Anger’s Lazy Roommate
Went to bed angry, woke up still angry. Well not angry, just bitter.
We as a community will discuss anger without pause, but what about its best friend, bitterness—That stays on the couch and never wants to leave even after anger has left for the day.
Has anybody ever been there? I had an argument with my wife the night before. It ended unresolved with us going to bed. I hate going to bed mad at my best friend.
Of course, I wanted to not be angry. Who wants to start off their day annoyed? As I started my morning routine, I wrestled with all types of words, mantras, and sayings to get myself out of my mood.
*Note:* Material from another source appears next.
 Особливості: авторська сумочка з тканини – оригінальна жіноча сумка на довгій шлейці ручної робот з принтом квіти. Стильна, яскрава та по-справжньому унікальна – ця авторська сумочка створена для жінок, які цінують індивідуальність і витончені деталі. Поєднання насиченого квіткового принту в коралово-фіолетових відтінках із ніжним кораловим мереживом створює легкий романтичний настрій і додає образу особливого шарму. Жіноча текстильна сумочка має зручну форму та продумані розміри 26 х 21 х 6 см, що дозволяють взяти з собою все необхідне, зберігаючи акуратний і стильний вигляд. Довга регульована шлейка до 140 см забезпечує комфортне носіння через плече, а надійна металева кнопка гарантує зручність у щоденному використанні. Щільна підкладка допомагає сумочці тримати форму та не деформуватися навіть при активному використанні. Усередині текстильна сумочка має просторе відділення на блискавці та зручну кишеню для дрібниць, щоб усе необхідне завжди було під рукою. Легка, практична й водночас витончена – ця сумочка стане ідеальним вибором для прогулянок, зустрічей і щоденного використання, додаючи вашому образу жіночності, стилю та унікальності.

You know the sayings like “I’m okay”, “just breathe”, “let it go”, etc etc…
I then suddenly was presented with one word: surrender…..
Surrender your bitterness to communication..
Like a broom sweeping a dusty house on a Saturday morning, suddenly my bitterness was gone.
I could only thank God and praise Him. All of my humanly self help tactics paled in comparison to my God’s Holy relief.
Jumping back into the ”How, What, Where, and Why?”
My wife apologized, why am I still mad?
Because of bitterness!!
I realize that I have a lingering problem where I have this need to show the person I’m angry with how mad I am and to prove it to them through my stoic, unemotional, or just plain ole unresponsiveness to them.
“I guess I’ll make her feel me with my passive aggressive cues.” “She’ll see how much she hurt me now. Right?”
I’m tired of talking to her, I’m tired of telling her what’s wrong. She should know right?-wrong!!!!!
We can be accountable to the other person, apologetic, and there for the other person. But an issue can still be unresolved.
It takes two willing parties to finally put an issue to rest.
Admittedly, I had to look up the definition of “Surrender.” It’s all things related to give in, give up, or the act of letting go. “to abandon oneself entirely to (a powerful emotion or influence); to give in to.” Well guess what, marriage is a more powerful force than my need to be angry and bitter.
My God is a more powerful force than my bitterness.